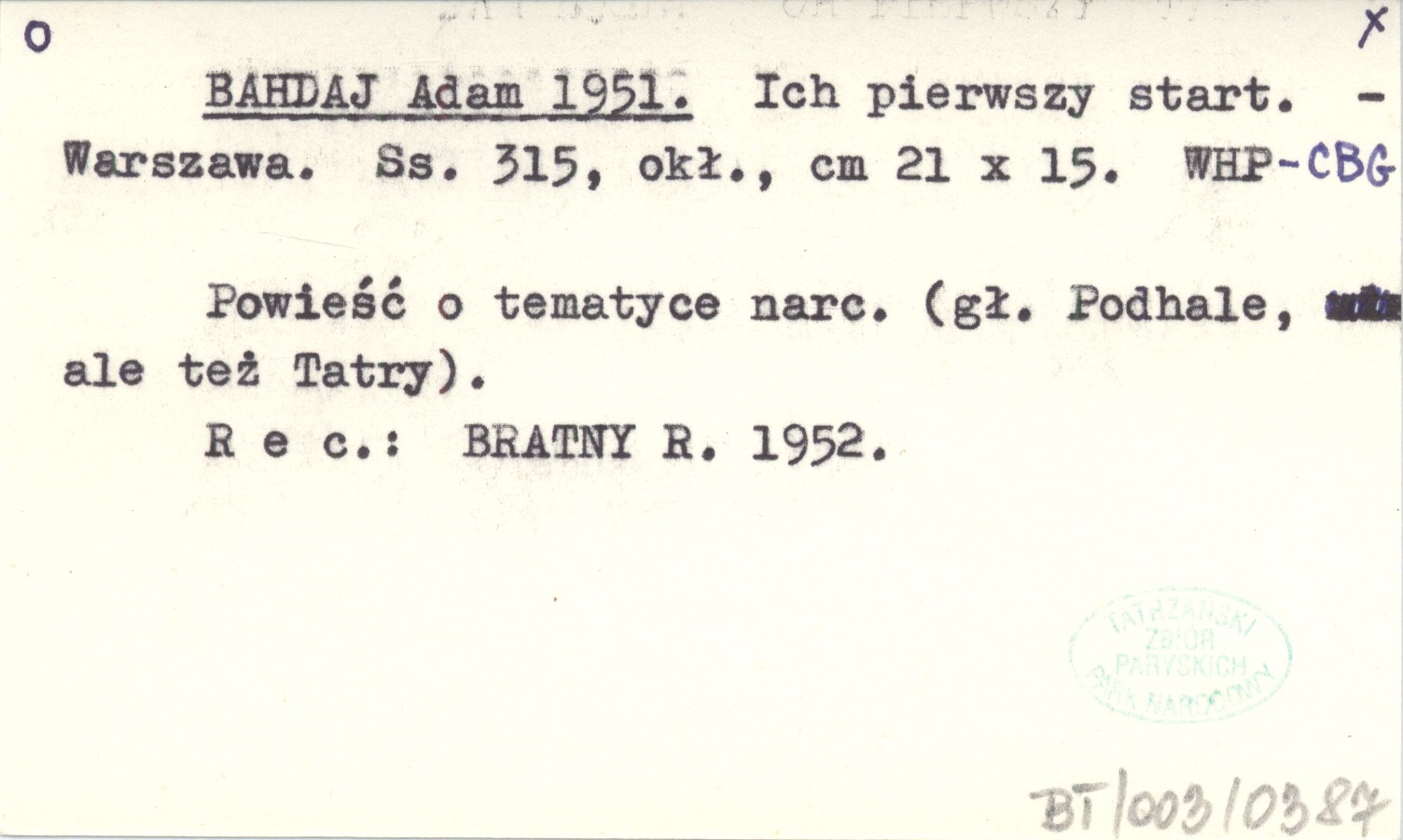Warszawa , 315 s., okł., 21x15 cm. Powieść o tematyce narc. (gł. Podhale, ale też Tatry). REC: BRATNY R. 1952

■ ■ ■ ■ ■ ■ ■

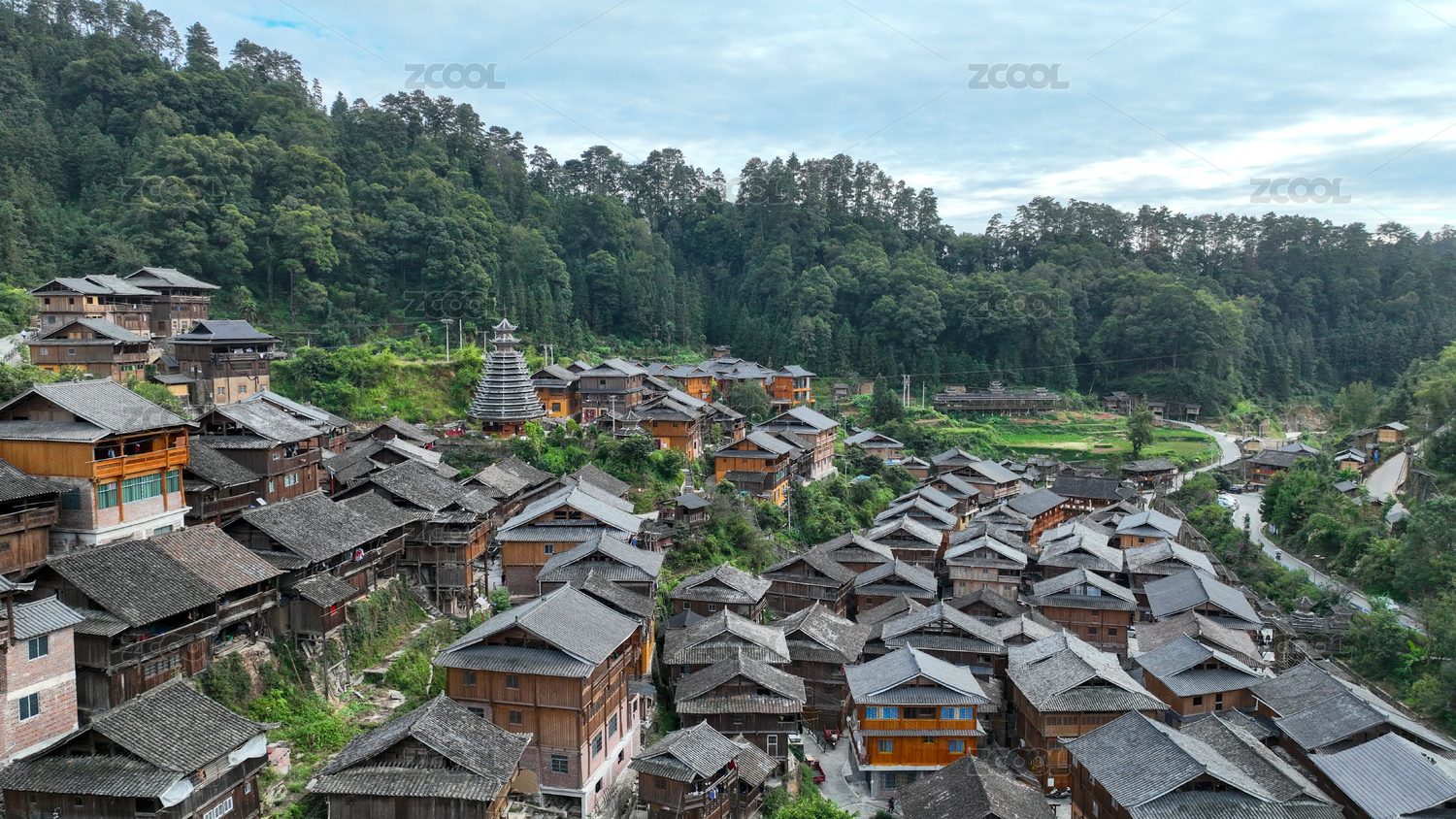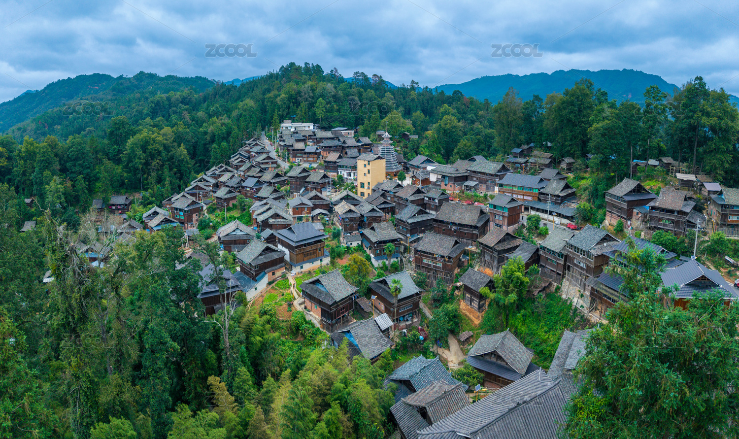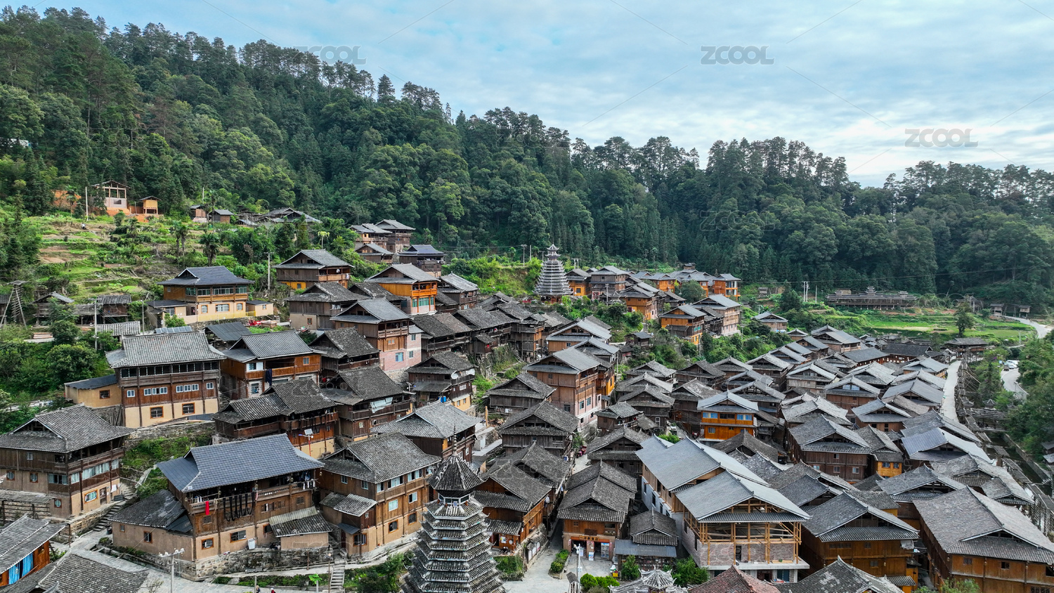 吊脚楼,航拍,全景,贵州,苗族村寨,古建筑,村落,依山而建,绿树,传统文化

■ ■ ■ ■ ■ ■ ■

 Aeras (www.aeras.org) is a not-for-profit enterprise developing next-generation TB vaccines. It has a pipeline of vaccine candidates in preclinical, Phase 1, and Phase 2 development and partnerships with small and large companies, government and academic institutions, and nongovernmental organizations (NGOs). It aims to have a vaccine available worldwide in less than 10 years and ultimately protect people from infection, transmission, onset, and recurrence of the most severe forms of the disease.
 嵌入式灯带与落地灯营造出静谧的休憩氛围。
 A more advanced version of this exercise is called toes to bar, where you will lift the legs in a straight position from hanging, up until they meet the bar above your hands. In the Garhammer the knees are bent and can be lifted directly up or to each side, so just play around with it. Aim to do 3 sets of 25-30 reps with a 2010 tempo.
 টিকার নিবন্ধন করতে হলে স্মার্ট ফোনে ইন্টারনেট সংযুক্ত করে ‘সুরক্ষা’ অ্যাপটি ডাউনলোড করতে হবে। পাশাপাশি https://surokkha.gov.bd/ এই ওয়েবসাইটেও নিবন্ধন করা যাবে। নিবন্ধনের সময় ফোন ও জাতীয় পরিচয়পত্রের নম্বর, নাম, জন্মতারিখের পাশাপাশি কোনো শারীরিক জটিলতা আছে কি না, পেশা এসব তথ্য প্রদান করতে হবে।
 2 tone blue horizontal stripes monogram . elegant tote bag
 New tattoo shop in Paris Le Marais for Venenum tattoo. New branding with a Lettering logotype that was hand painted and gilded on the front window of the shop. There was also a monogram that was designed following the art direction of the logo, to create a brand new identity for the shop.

■ ■ ■ ■ ■ ■ ■

> [Aim of the task]
In the records above, find the lines containing "monogram" and copy them.

> [Response below]
 2 tone blue horizontal stripes monogram . elegant tote bag
 New tattoo shop in Paris Le Marais for Venenum tattoo. New branding with a Lettering logotype that was hand painted and gilded on the front window of the shop. There was also a monogram that was designed following the art direction of the logo, to create a brand new identity for the shop.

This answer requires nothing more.